Friday, October 4, 2019


For some people -- and I am certainly among them -- fall is a pensive and also often a particularly sentimental time of year. Somehow the introduction of the season that leaves behind the spontaneity, warmth, casual impetus to leisure activities that is summer for the transition to cold, urgent winds, more frequent rain sessions, inspires memories of previous falls. Mostly nostalgic and pleasant memories of walking deep in fallen leaves, hearing the shushuring of the leaves, watching wind pick foliage off colourful trees and distribute them hither and yon, reading before a fireplace, pulling on warm and cozy sweaters while enjoying hot chocolate drinks.


And for me there is also the emotional reluctance I felt as a young mother when our children returned to school. I loved having them at home. Mine was a generation where few mothers of young children were in the workforce. We weren't financially well off, another salary would have been useful, but neither my husband nor I could imagine the children coming home to a house void of someone to look after them, or farming them out so someone else could be a proxy for an absent parent. Ours was a different world.


And because of our impecunious financial situation, just managing to pay the bills, our entertainment consisted mostly of being out together in natural surroundings. Living in Toronto at the time, the municipality was opening up what they called conservation areas where people were invited to take their family and enjoy the opportunity close to the city of experiencing natural settings. It was when our youngest was not yet a year old and I carried him, that we discovered the pleasure of hiking along forest trails.


It isn't too far a stretch to think of our having adopted two little dogs once our three children had left our home which was their home, so that we could continue to have dependents with us and enjoy the pleasure of sharing life with them. Yesterday we set out for the ravine with Jackie and Jillie, with the knowledge that the forest, under heavy clouds threatening rain, and a stiff wind, would seem more like November than early October, at 6C. There was a frost warning out for overnight low temperatures.


Now, the forest is quickly turning to colour. On our way up the street walking toward the ravine, one of our neighbours has a mature maple that turns the brightest carmine long before any of the maples in the forest does. The trails have taken on the confetti look of bright colours as though the forest is celebrating the introduction of fall, and the wind stirs the trees, loosening leaves from the branches, so that at times the amount of detritus falling around us, appears as though a fountain is spewing and spilling a continuous fall of woody matter.



Finally, we noted, the partridgeberry ground cover on the forest floor has put out its berries and they're assuming a bright red colour against the dark green of the evergreen foliage. Their colours are reminiscent of the Christmas season that features bright greens and reds. Nature imitating human
adaptation to the seasons in their panoply of celebratory events.
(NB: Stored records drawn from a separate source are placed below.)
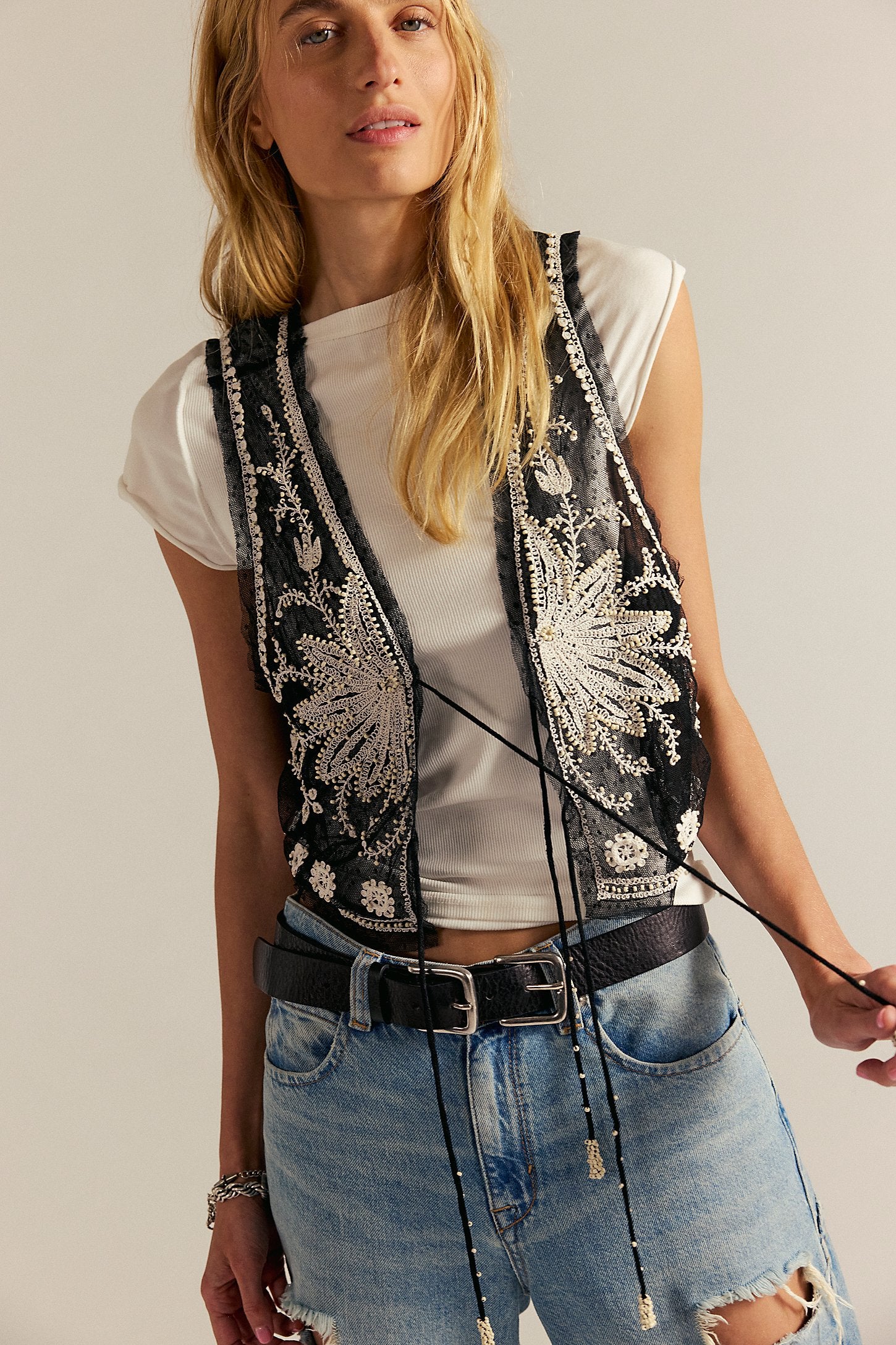 So dreamy and delicate, this vest features a semi-sheer tulle fabrication, stunning embroidered details, and a tie-front closure for the perfect elevated layering piece.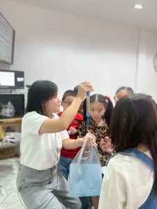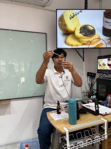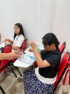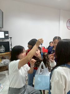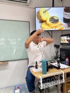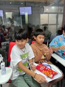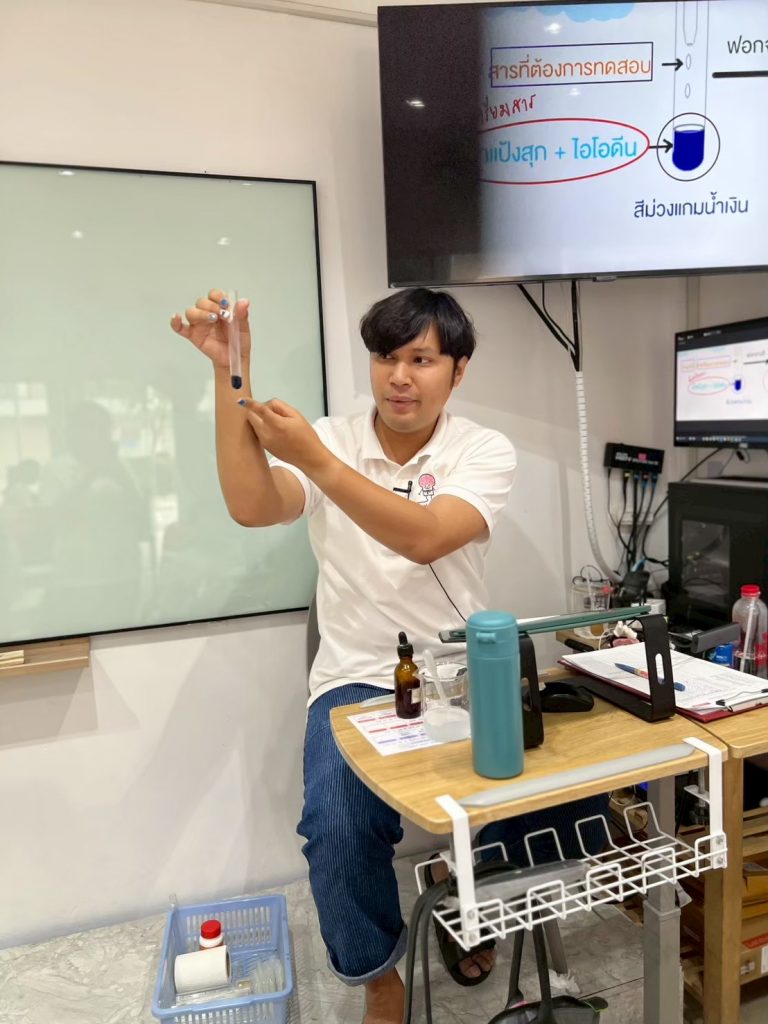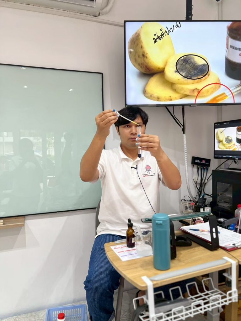 กิจกรรมเปิดฉากด้วยการทดลองทดสอบแป้ง โดยน้อง ๆ ได้ใช้สารละลายพิเศษหยอดลงบนแป้งชนิดต่าง ๆ เพื่อสังเกตการเปลี่ยนสี พร้อมเรียนรู้ว่าสารละลายใดแสดงว่า “มีแป้ง” หรือ “ไม่มีแป้ง” เด็ก ๆ สนุกกับการเดาและตรวจสอบผลลัพธ์เองอย่างตื่นเต้นเลยค่ะ
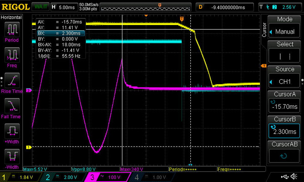 Measured hold-up time was over 17ms, while the power-good signal's hold-up time came close to 16ms. Most important, it was accurate.
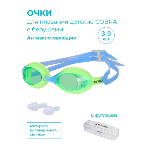 Очки для плавания детские для мальчика и девочки INDIGO COBRA, зелено-синий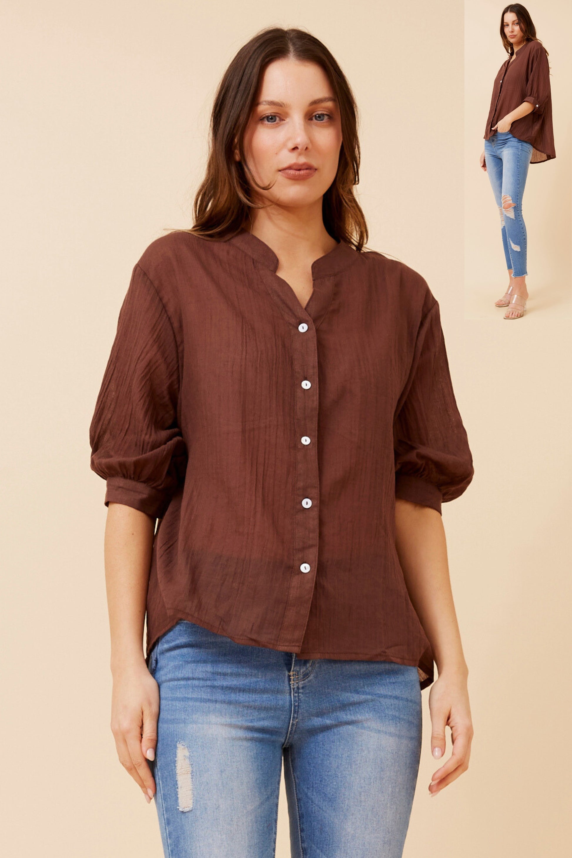 Rosa Shirt with Back Button Detail -Bitter Chocolate T511586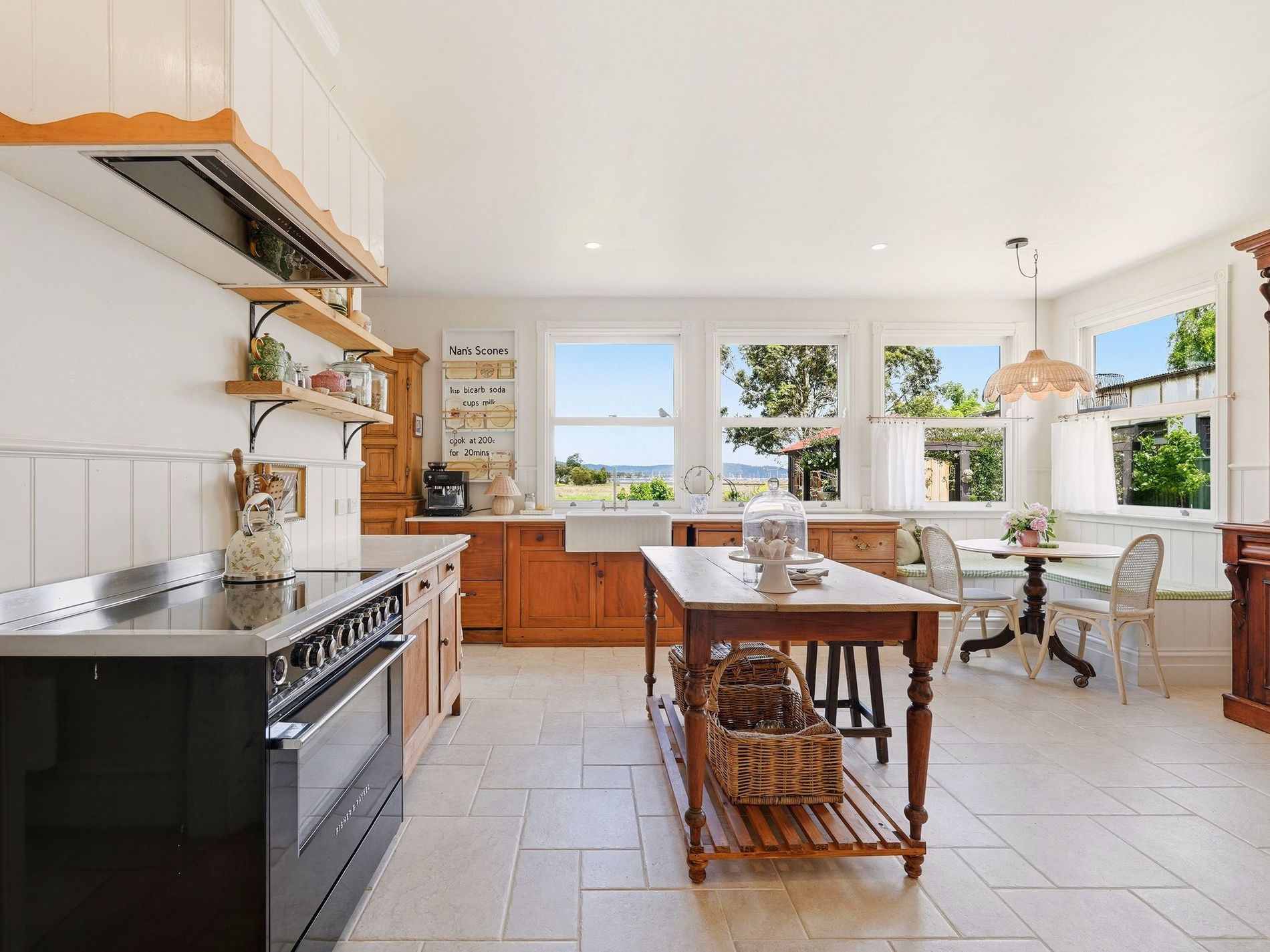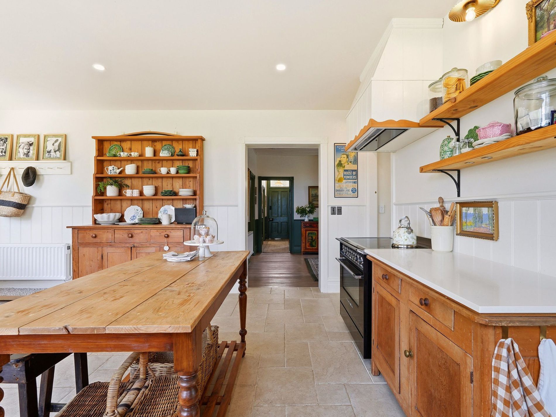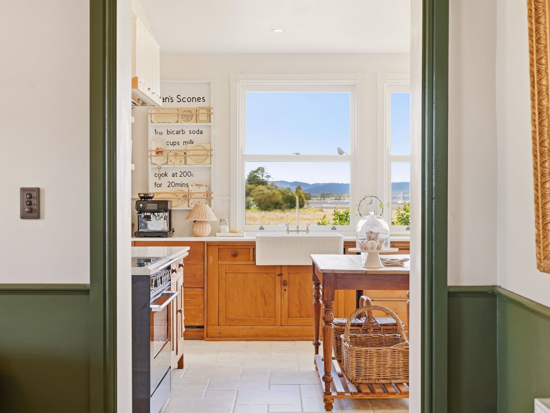 French-lay tiles meet beautifully curated, antique cabinetry, finished with stone benchtops and a classic farmhouse sink. There is an integrated dishwasher and a gorgeous freestanding cooker, making this space as functional as it is beautiful.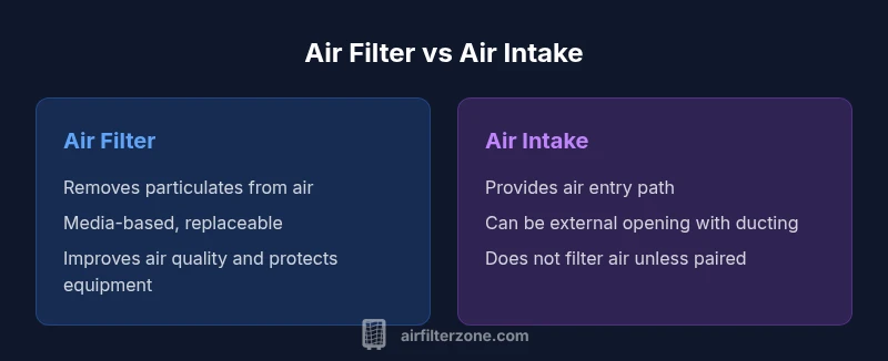 The difference between air filter and air intake is foundational to understanding how air moves through homes and vehicles. An air filter is a media-based barrier designed to trap dust, pollen, and other particulates before the air reaches the system. An air intake, by contrast, is the actual pathway that delivers external air into the system for processing or use. In practice, many homes and vehicles use both components as separate parts of a larger air-handling chain. Each part has a distinct job, and mismatched expectations can lead to reduced air quality, higher energy use, or poor engine combustion. At the core, filters are about cleanup, while intakes are about supply. The Air Filter Zone team emphasizes that recognizing this distinction helps you plan maintenance, choose compatible components, and avoid common missteps. In everyday life, treating them as separate parts supports better decisions about replacement schedules, seal integrity, and airflow management.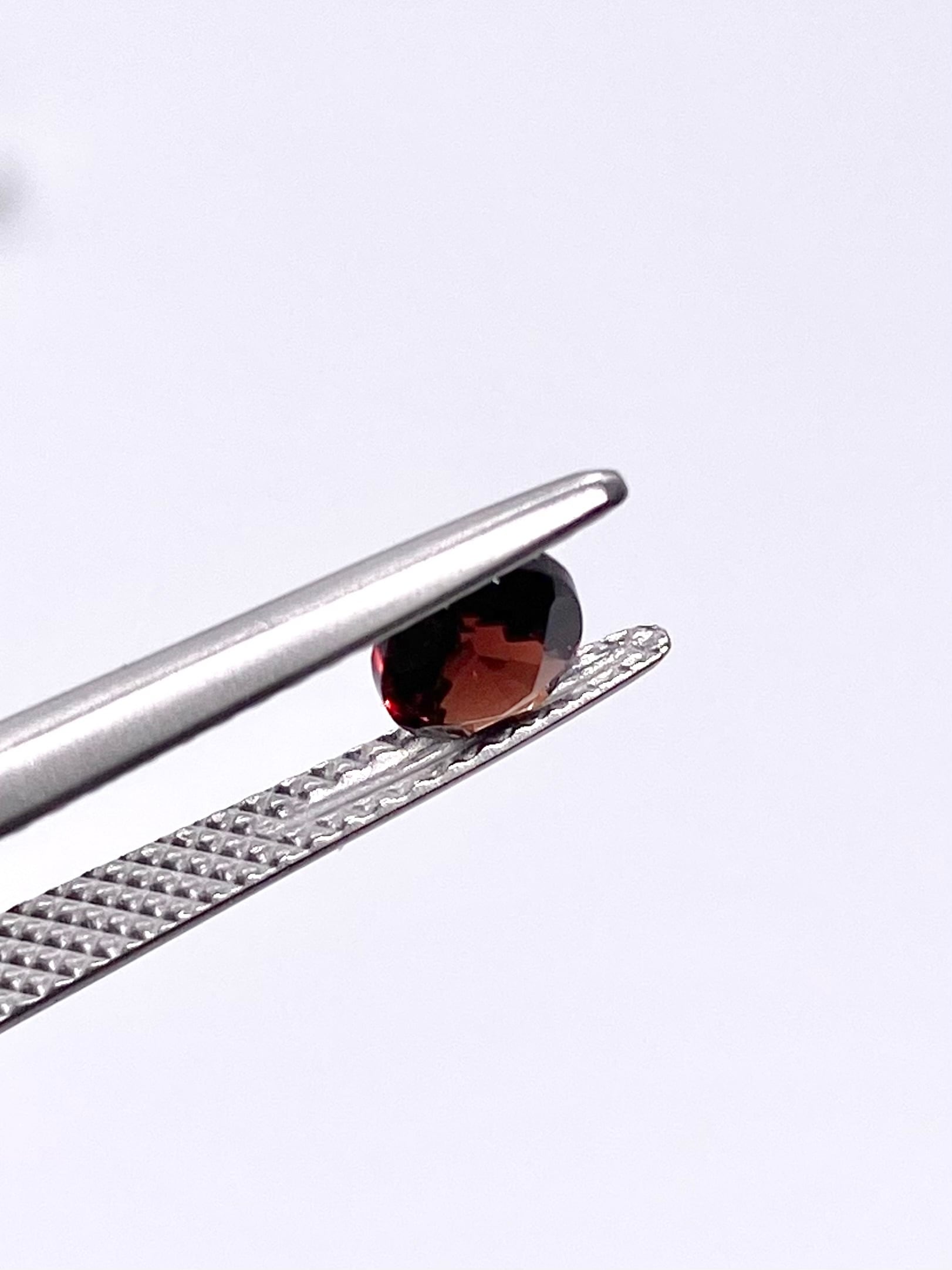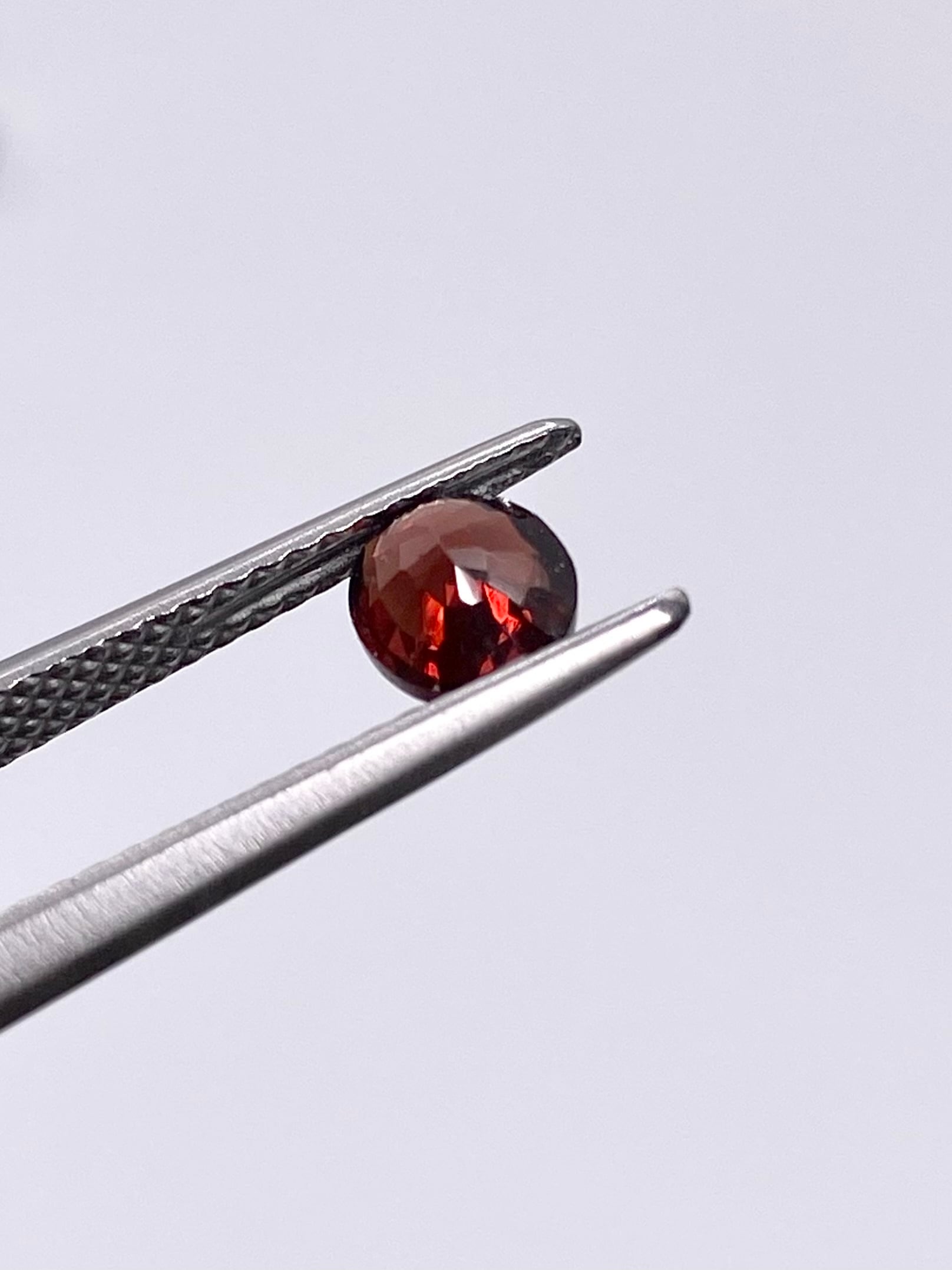 黒みが強く、その中に橙色がかった赤が混じって輝きます。ガーネットに似た外観です。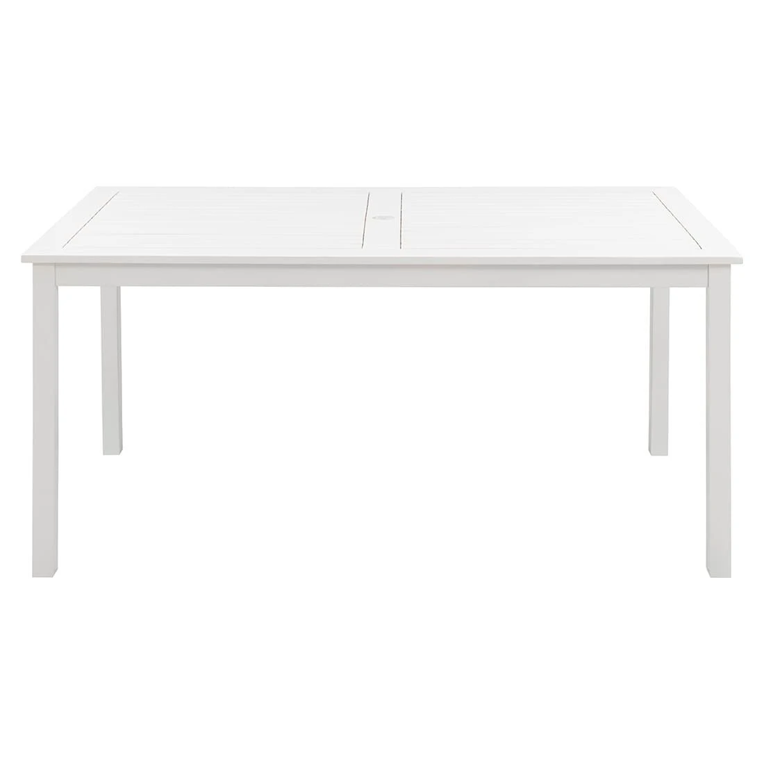 Als klassische Design-Komponente fungiert das geradlinige Vierfußgestell. Der Gartentisch Landhaus ist Ton in Ton gehalten: Sowohl das Gestell als auch die Tischplatte sind aus Akazienholz gefertigt. Farblich ist die Tischplatte in einem schönen Weiß gehalten. Der Gartentisch ist klassisch rechteckig gestaltet.

Sometimes, when we're walking through the trails we come across really delightful little tableaus, and today it was a young couple, guiding their two-year-old little girl uphill, a weeks-old baby fast asleep in a carrier held against the mother's chest. At the top of the hill they stopped to catch their breath and so did we, giving us the opportunity to talk awhile. The little girl was language-precocious, with a wonderful vocabulary, and a curiosity to match. The forest adventure was new to the parents, a truly engaging and happy pair. They were delighted when we showed them the apples on nearby wild apple trees and soon took to munching.


Much later, as we crossed the last of the three bridges that ford the creek in the ravine, we came across two young men, perhaps of adolescent age, watching the creek as its waters swept past. They informed us that this was the first time they'd ever ventured into the ravine, and wanted to know if we could tell them anything about the forest. And we did, and they listened, and they commented, and it was clear they were intrigued. They would return often, they said, as we parted.


Today, though the temperature failed to rise about 6C again, and the wind continues its brisk authority, the sun has been out. Yesterday, as we walked down the street once we left the ravine and the forest behind, we suddenly became aware as we turned toward the driveway of our house that rain was pinging on our heads. And then we realized it wasn't really rain, but small freezing pellets of ice.